Зимний скорый - Захар Оскотский
Шрифт:
Интервал:
Закладка:
Нет, он ошибся в том, что ему показалось, будто он может сам, для себя, воевать, побеждать, разрушать и строить. Но такое одиночество свойственно лишь Богу. Человек не в силах обойтись без другого человека. Хотя бы одного, будь то друг или враг.
И чего тогда стоят Франция, Священная Римская империя, власть, слава и мировая История? Всё это — не больше, чем игра. Тюренн всю жизнь играл в войну, а сам он играл в погоню за бессмертием. Но если всё — игра, то и бессмертия нет. Нет вообще ничего, кроме Человека и его Жизни.
И понимание, открывшееся ему, было его приговором. Его прежние неудачи вместе со всей своей горечью несли в себе и торжественность трагедии. Они возвышали дух. А теперь он не смог бы утешиться даже величием своего одиночества. Не титаном, под ногами которого копошится мирок, сходный с муравейником, осознал он себя, а таким же муравьиным существом. Крохотным и обреченным посреди равнодушной Вселенной.
К нему не просто вошли. К нему ворвались в шатер. Небо на востоке, за дальними лесами, уже светилось огнем. Войска, готовые к бою и к победе, ждали только его приказа. Так что же он до сих пор молчит?!..

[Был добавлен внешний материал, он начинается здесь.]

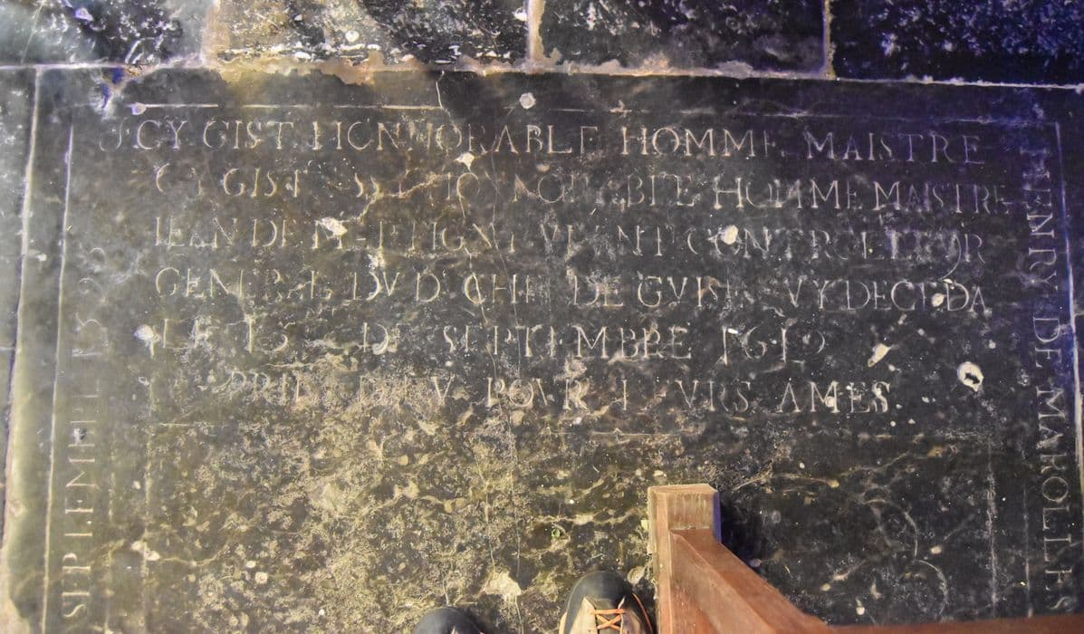 dalle funéraire d'Henry de Marolles, receveur du duché de Guise, de Claude Warnet, sa femme et de Jean de Martigny, contrôleur général du duché De Guise

И генералы, и его адъютант, и пожилой денщик, лучше других знавший своего хозяина, замерли у входа. Возле столика, где догорали свечи, сидел глубокий старик, неестественно бледный и неподвижный. Словно пробудившись, он встретил их взглядом, полным боли и последней усталости.
Потом говорили, что ночью с главнокомандующим случился удар. Эту выдумку охотно повторяли и почти верили в нее даже те, кто прекрасно знал, что никакого удара не было. Она хоть как-то объясняла нелепое завершение кампании, начиная с того утра, когда солнце, поднявшись над лесами, осветило огромное поле и две неподвижные армии: французскую, потерявшую своего вождя, оцепеневшую в ужасе неминуемого разгрома, словно казнимый на плахе под занесенным топором, и австрийскую, пораженную странной нерешительностью. Так безраздельно владела ей воля главнокомандующего, что его необъяснимая перемена, схожая с внезапной болезнью или тяжким ранением, его подавленность, его бессилие растеклись по нервам всей многотысячной массы наподобие паралича.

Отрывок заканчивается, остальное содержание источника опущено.